▶ [Records contained in a dataset]
'''
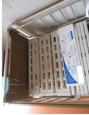
見守りシステムをマットレスの下に設置、在床管理機能が図れます
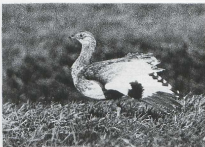
52 Kleine Trap Tetrao tetrao , Nijkerk, Gelderland, januari 1986 (Guus Hak).

KRAANVOGELS TOT ALKEN Bij Saeftinge bevond zich tot 29 januari een adulte Kraanvogel Grus grus . Op 15 en 16 januari verbleef een onvolwassen vogel bij Har-chies. Tussen 14 en 17 maart was er een
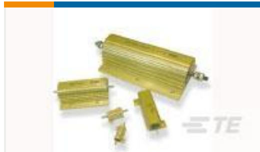
TE 产品编号5-1630186-8 HSA50 27R 1%
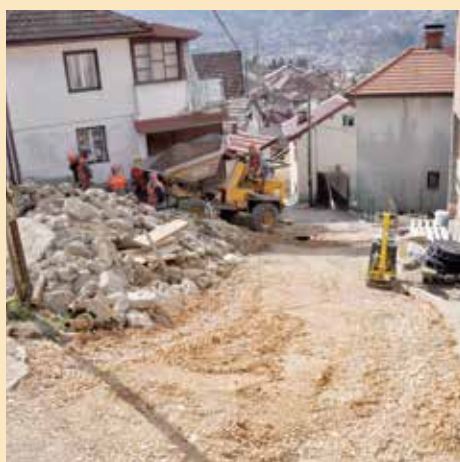
Izmjena cijevi za kanalizaciju

Stanovnici tvrde da je, pored problema sa cijevima, ulica često znala biti obrasla većim količinama trave. Zbog popucane, izrovane kaldrme i makadamskog puta, u ovoj ulici je zbog vode rasla velika količina trave koju su stanovnici ulice morali redovno uklanjati. Rješenje njihovog problema se konačno nazire, pa su građani sretni zbog radova, a naročito zbog brzine kojom napreduju. Iz Službe za investicije, plan i analizu Općine Stari Grad su kazali da će ovaj projekat
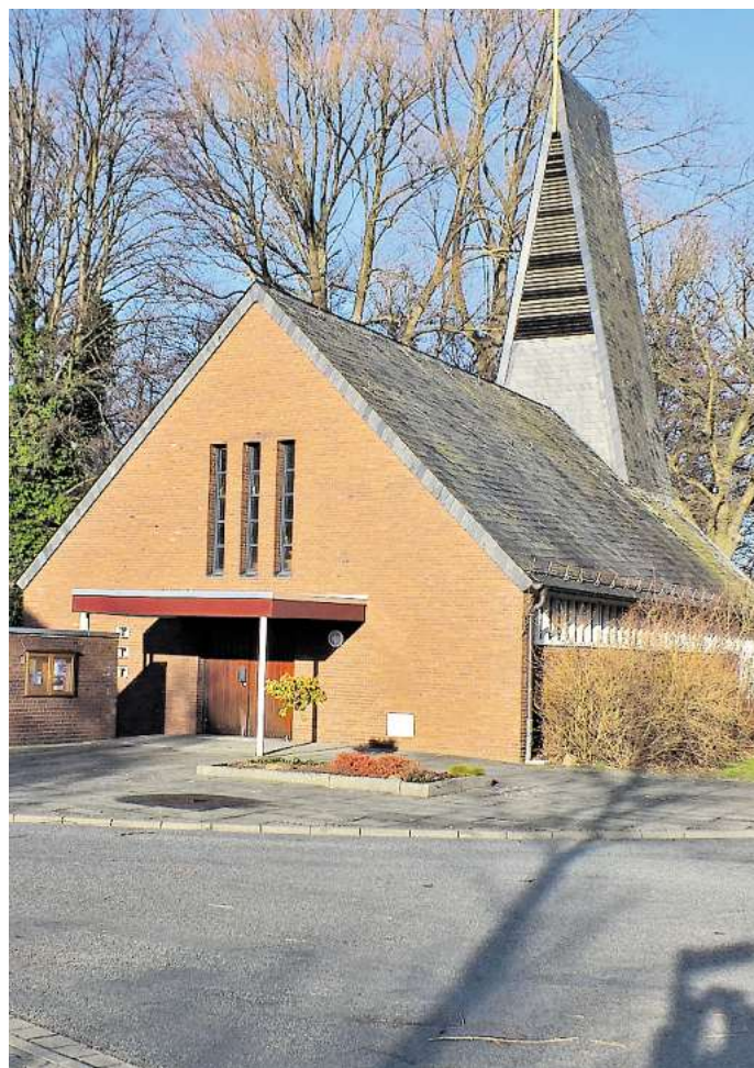
Vor 50 Jahren wurde die Kapelle in Alvesse geweiht. Das Jubiläum wird am Sonntag gefeiert.

Die Macht des Bösen solle von der Kirche ferngehalten werden, sagte der damalige Landessuperintendent Peters aus Celle bei der Weihe. Dies schien im letzten Jahrhundert erfüllt worden zu sein. Nach dem ersten Glockenläuten und dem Gottesdienst fand 1963 eine Zusammenkunft der Gäste statt, die sich über das gelungene Werk freuten, wie die Peiner Allgemeine Zeitung berichtete. Die damalige Zeremonie erinnert stark an das geplante Programm des Jubiläums. Bleibt zu hoffen, dass es auch 2013 eine rundum gelungene Veranstaltung wird – so wie 1963. mea
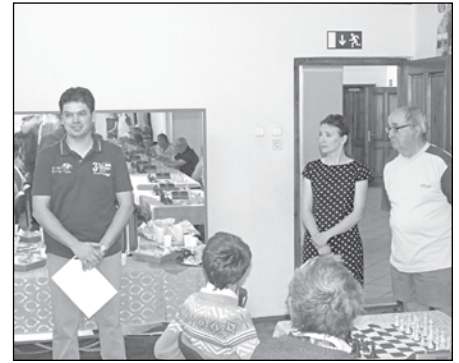
A versenybíró ismerteti a szabályokat
'''
▶ [DESCRIPTION OF THE TASK]
If a picture appears among the records, leave it out, and otherwise reproduce exactly every line from the first line through the one with "Vor 50 Jahren", both included.

▶ [TASK ANSWER]
見守りシステムをマットレスの下に設置、在床管理機能が図れます
52 Kleine Trap Tetrao tetrao , Nijkerk, Gelderland, januari 1986 (Guus Hak).

KRAANVOGELS TOT ALKEN Bij Saeftinge bevond zich tot 29 januari een adulte Kraanvogel Grus grus . Op 15 en 16 januari verbleef een onvolwassen vogel bij Har-chies. Tussen 14 en 17 maart was er een
TE 产品编号5-1630186-8 HSA50 27R 1%
Izmjena cijevi za kanalizaciju

Stanovnici tvrde da je, pored problema sa cijevima, ulica često znala biti obrasla većim količinama trave. Zbog popucane, izrovane kaldrme i makadamskog puta, u ovoj ulici je zbog vode rasla velika količina trave koju su stanovnici ulice morali redovno uklanjati. Rješenje njihovog problema se konačno nazire, pa su građani sretni zbog radova, a naročito zbog brzine kojom napreduju. Iz Službe za investicije, plan i analizu Općine Stari Grad su kazali da će ovaj projekat
Vor 50 Jahren wurde die Kapelle in Alvesse geweiht. Das Jubiläum wird am Sonntag gefeiert.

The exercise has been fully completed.